Data provided:

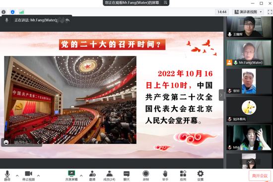 黨課上,黨支部副書記方楠用黨的二十大報告概述開篇明義,以黨的二十大報告要點(diǎn)為主線、重點(diǎn)對二十大精神的豐富內(nèi)涵和核心要義等方面進(jìn)行了詳細(xì)解讀,特別著重從“一個主題”“一項(xiàng)中心任務(wù)”“一場深刻革命”“一項(xiàng)優(yōu)先戰(zhàn)略”“一體化保護(hù)治理”等方面,結(jié)合實(shí)際工作對二十大報告進(jìn)行了深入淺出的解讀,為大家上了一堂生動而深刻的專題黨課。黨課引發(fā)了黨員教師的強(qiáng)烈共鳴,大家一致認(rèn)為黨課主題鮮明、內(nèi)涵豐富,具有很強(qiáng)的思想性、指導(dǎo)性、針對性,聽后很受啟發(fā),為下一步凝聚思想共識、匯聚奮進(jìn)力量注入了新的力量。
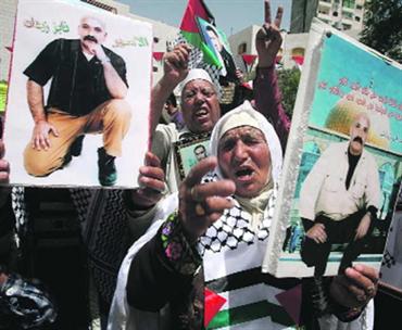 فلسطينيون يتظاهرون مطالبين بالإفراج عن أسراهم. إي.بي.إيه
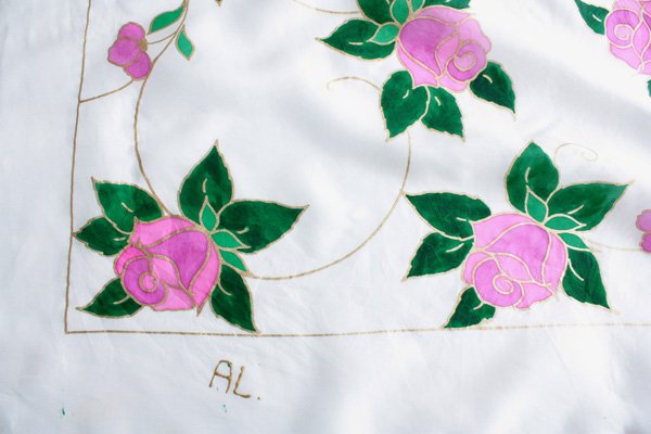 Przepiękna, sygnowana chusta, najprawdopodobnie ręcznie malowana. Materiał oceniam na jedwab.
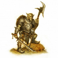 battle axe in one hand and what appears to be a shield in the other, which suggests they are ready for combat. The style of the image is reminiscent of fantasy illustrations commonly found in games and books.

The problem:
What this calls for is the material above set down exactly, pictures excluded.

Result for this exercise:
 黨課上,黨支部副書記方楠用黨的二十大報告概述開篇明義,以黨的二十大報告要點(diǎn)為主線、重點(diǎn)對二十大精神的豐富內(nèi)涵和核心要義等方面進(jìn)行了詳細(xì)解讀,特別著重從“一個主題”“一項(xiàng)中心任務(wù)”“一場深刻革命”“一項(xiàng)優(yōu)先戰(zhàn)略”“一體化保護(hù)治理”等方面,結(jié)合實(shí)際工作對二十大報告進(jìn)行了深入淺出的解讀,為大家上了一堂生動而深刻的專題黨課。黨課引發(fā)了黨員教師的強(qiáng)烈共鳴,大家一致認(rèn)為黨課主題鮮明、內(nèi)涵豐富,具有很強(qiáng)的思想性、指導(dǎo)性、針對性,聽后很受啟發(fā),為下一步凝聚思想共識、匯聚奮進(jìn)力量注入了新的力量。
 فلسطينيون يتظاهرون مطالبين بالإفراج عن أسراهم. إي.بي.إيه
 Przepiękna, sygnowana chusta, najprawdopodobnie ręcznie malowana. Materiał oceniam na jedwab.
 battle axe in one hand and what appears to be a shield in the other, which suggests they are ready for combat. The style of the image is reminiscent of fantasy illustrations commonly found in games and books.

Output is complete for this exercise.